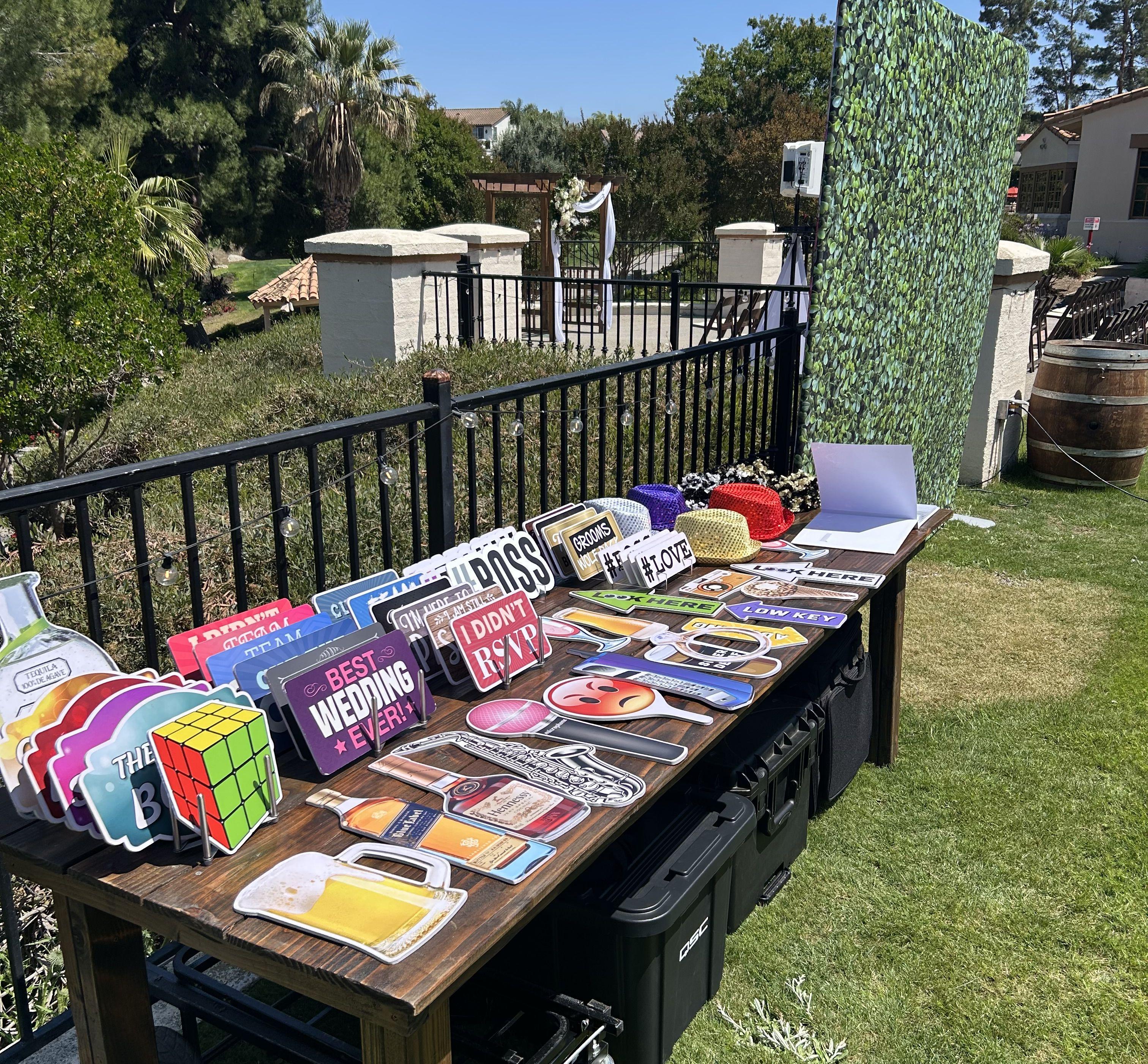 Our photo booth package comes with a dedicated operator to ensure a seamless experience. Guests can enjoy unlimited 2x6 prints, customized from a wide selection of templates. An extra copy of each print goes into a photo album, where they can leave a personalized message—yours to take home at the end of the night. You’ll also receive digital downloads of all photos. To make things even more fun, we provide a variety of props, signs, and backdrops, with up to 4 hours of service included.
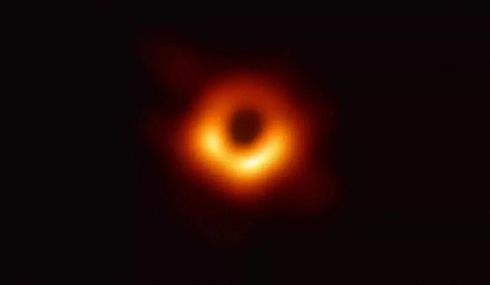 第一张黑洞照片,5500万光年外的梅西耶87*(M87*)。图片来源:Event Horizon Telescope Collaboration
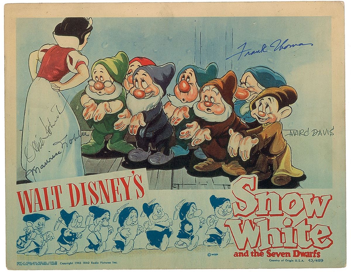Lobby card for a 1943 RKO Radio Pictures presentation of Walt Disney’s Snow White and the Seven Dwarfs, 14 x 11, signed in blue and black felt tip by Frank Thomas, Marc Davis, Ollie Johnston, and Maurice Noble. In very good to fine condition, with light overall soiling.
● ● ● ● ● ● ●
Your task
Reproduce the listing exactly. The pictures are to be omitted.

Response area
 Our photo booth package comes with a dedicated operator to ensure a seamless experience. Guests can enjoy unlimited 2x6 prints, customized from a wide selection of templates. An extra copy of each print goes into a photo album, where they can leave a personalized message—yours to take home at the end of the night. You’ll also receive digital downloads of all photos. To make things even more fun, we provide a variety of props, signs, and backdrops, with up to 4 hours of service included.
 第一张黑洞照片,5500万光年外的梅西耶87*(M87*)。图片来源:Event Horizon Telescope Collaboration
Lobby card for a 1943 RKO Radio Pictures presentation of Walt Disney’s Snow White and the Seven Dwarfs, 14 x 11, signed in blue and black felt tip by Frank Thomas, Marc Davis, Ollie Johnston, and Maurice Noble. In very good to fine condition, with light overall soiling.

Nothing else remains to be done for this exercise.